エドワード殿下はそう言って部屋を出て行った。


私はしばらく、その場で泣き続けていた。





その後の私は、泣きつかれたのかいつの間にかベッドで寝かされていた。



目が痛い。

ベッドの天幕を見上げながら考える。


冷静になってみると、かなり自分勝手な事を一方的に言ってしまった。

もしかしたらエドワード殿下に対して昔の私も、もっとやり様は

あったのかもしれない。今更そんな事を言ってもしょうがないけれど。

後に悔いるから後悔と呼ぶ。なんてねー。ははは。

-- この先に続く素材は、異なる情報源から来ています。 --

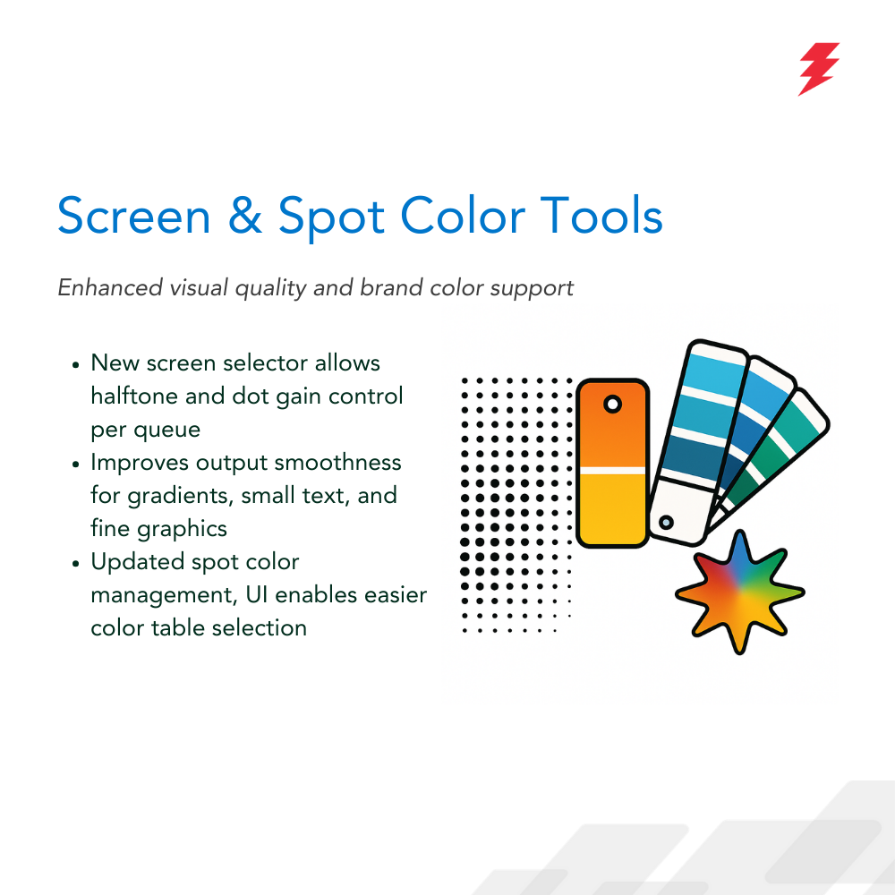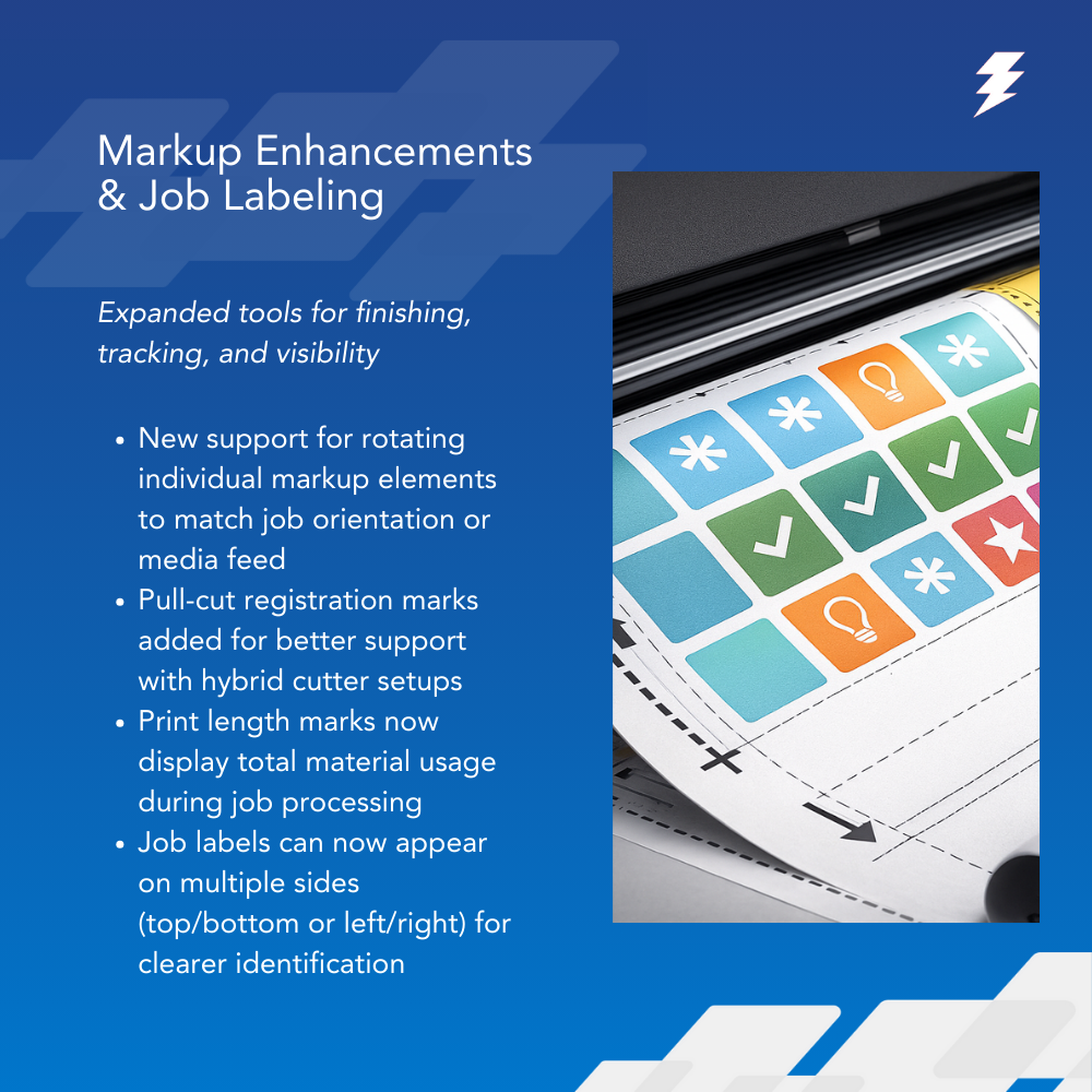 configured, AJS automatically imports, organizes, and routes jobs to the appropriate printer or queue—removing manual sorting and increasing efficiency in high-volume production.
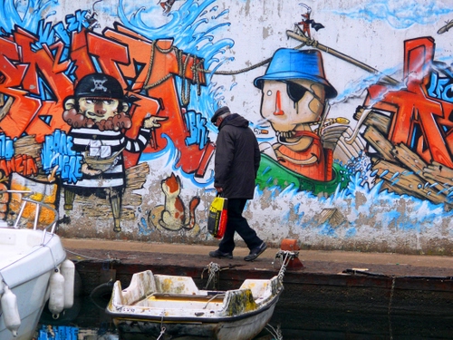 Tag: murales, barche, uomo, passante, barca, banchina, murale, muro, rosso, scritte, solo, anziano, graffiti, acqua, colori, azzurro, persona, molo.
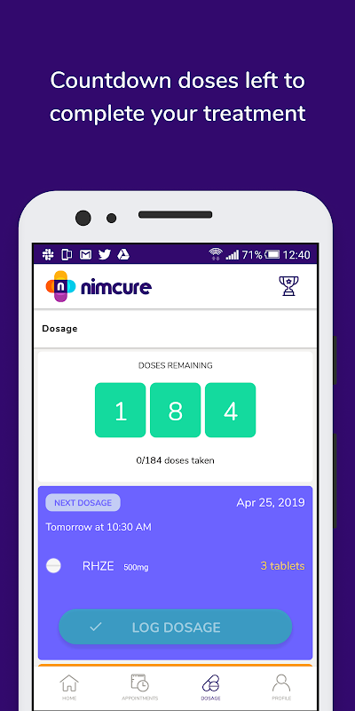 Nimcure is a digital care tool that promotes adherence to Tuberculosis treatment using the Video Observe Therapy (VOT) system. With Nimcure, patients and caregivers can better manage the treatment process remotely and on the go.
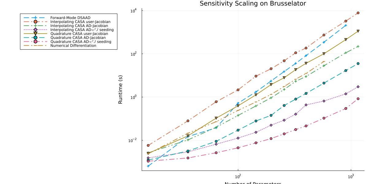 From the paper A Comparison of Automatic Differentiation and Continuous Sensitivity Analysis for Derivatives of Differential Equation Solutions
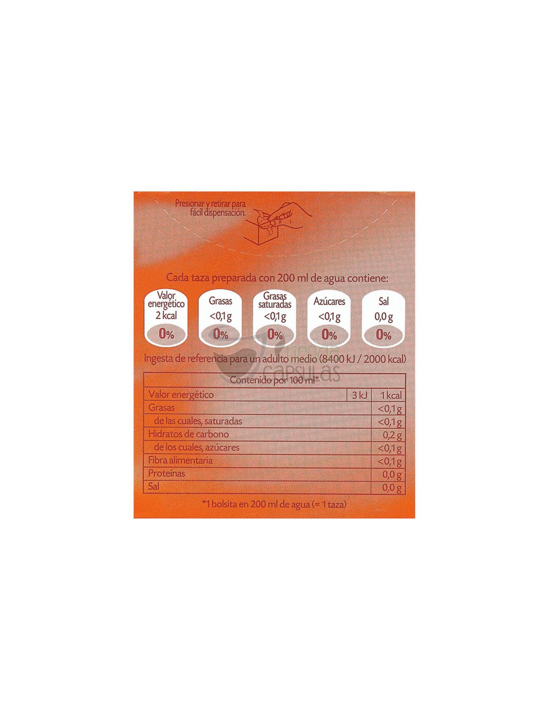 Modo de preparación: Verter agua hirviendo (100º C) sobre la bolsita y dejarla en infusión durante 5 minutos.
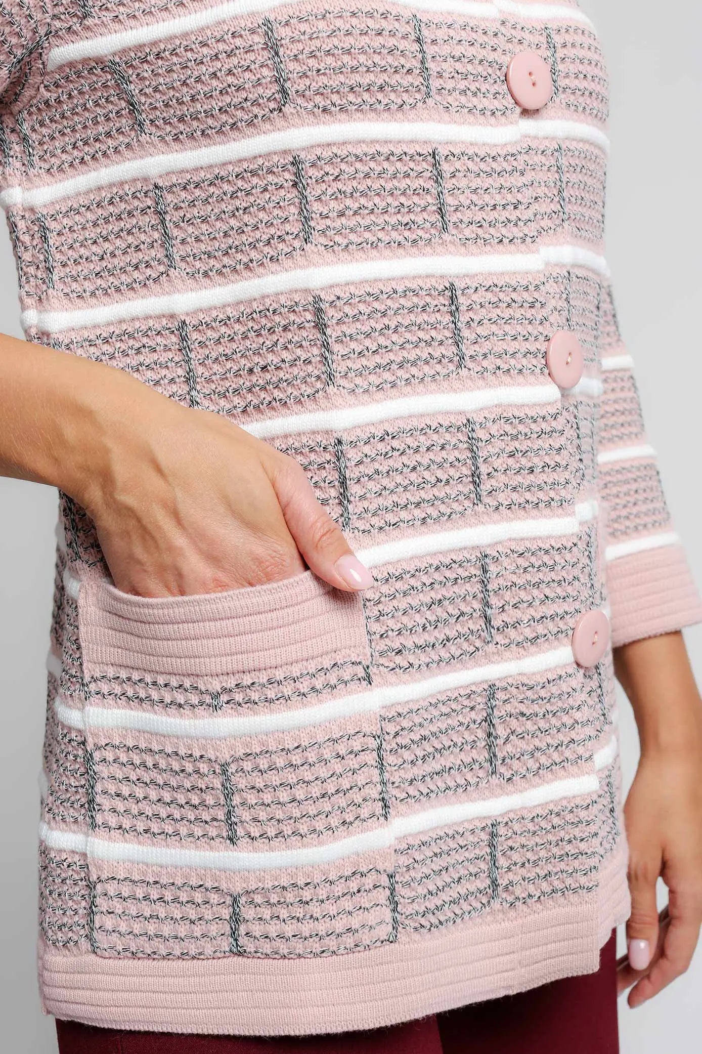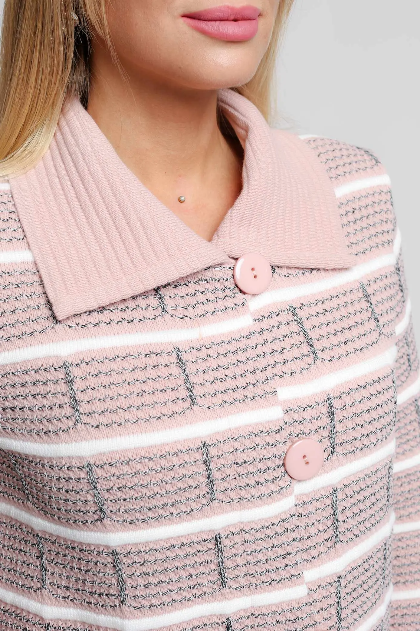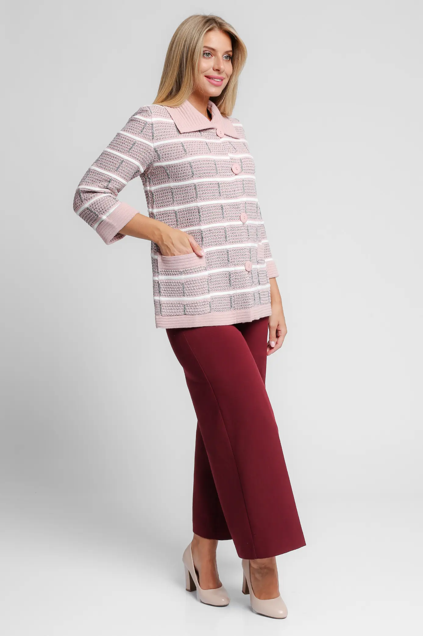 Вязаный женский жакет свободного силуэта с рубашечным отложным воротником.  Рукав втачной длиной 7/8 с отворотом.  По бокам два накладных кармана с листочкой. Жакет застегивается на пуговицы с навесной петлей. Изделие выполнено жаккардовым переплетением  образующим валики. пудра
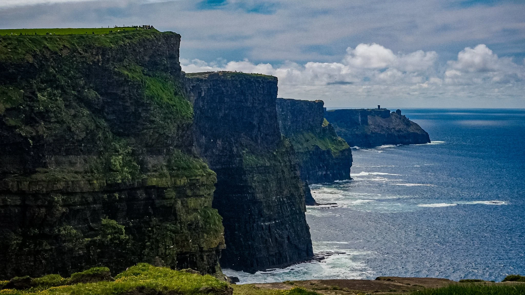 The Cliffs of Moher cascade into crashing ocean waves.
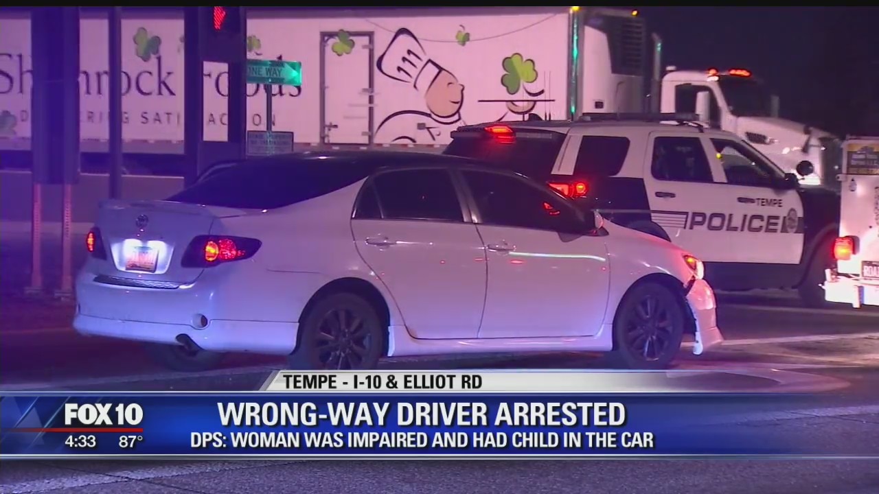 A wrong-way driver was arrested overnight in Tempe and authorities say she was driving impaired with a young child in the car.
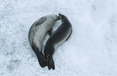 Two Weddell Seals (Leptonychotes weddellii) on ice view from above
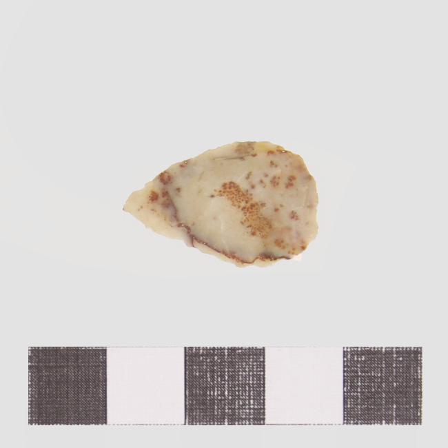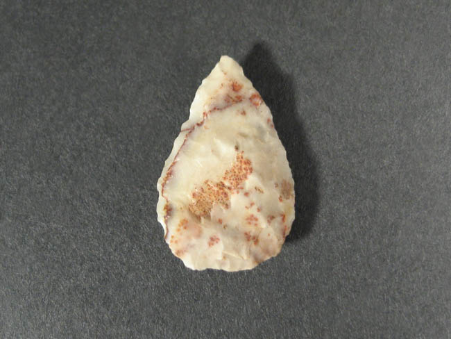 Objeto de uso doméstico de talla bifacial de forma apuntada y sección biconvexa. Se encuentra elaborado sobre una matriz de color blanquecino. Presenta un borde activo de forma convexa.
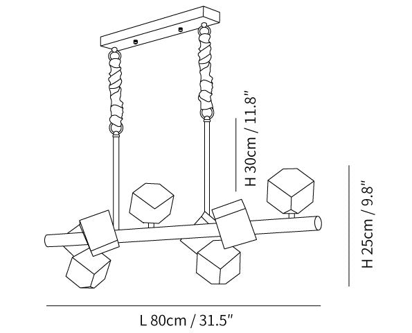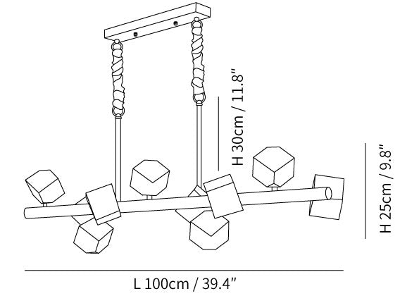 19.7″ hanging height hanging chain. Can be extended upon request.

(乾いた笑い)


明日、ちゃんと殿下に謝ろう。

そして、これからの事を2人で相談して決めよう。

殿下はきっと私の話を聞いてくれる。

そして、両陛下も私の味方をしてくれる自信はある。


幸い、私の利用価値はスクロールと新薬ポーションで結構高いはず。

王族との婚約破棄は私の醜聞がすさまじいだろう。

だからと言って、私の価値がそこまで下がるわけではない。

今までのヴォルステイン家の功績を考えれば、王家を裏切るわけではないのだ。

むしろ、見限られないようにこちらの意見を飲んでくれるかもしれない。

王族に対して脅しとも取れるが、こちとら運命いのちがかかっているのだ。


まぁ、婚約破棄されなかったら……

それはそれでいいのかもしれない。

私自身が死ななければ。

でも、私の本心で言えば婚約破棄したい。ちゃんとした手続きをしてね。


まずは明日だ。明日、ちゃんと殿下に謝ろう。


私はそう心に決めて、もう一度目を閉じたのだった。



王族との婚約破棄ってこんなに簡単に出来るの!?

って思うかもしれませんが、この世界は異世界ですので可能です。

何より、両陛下はエミリアに甘いです。

いや~・・・甘いから、やっぱり難しいかもわからんね・・・。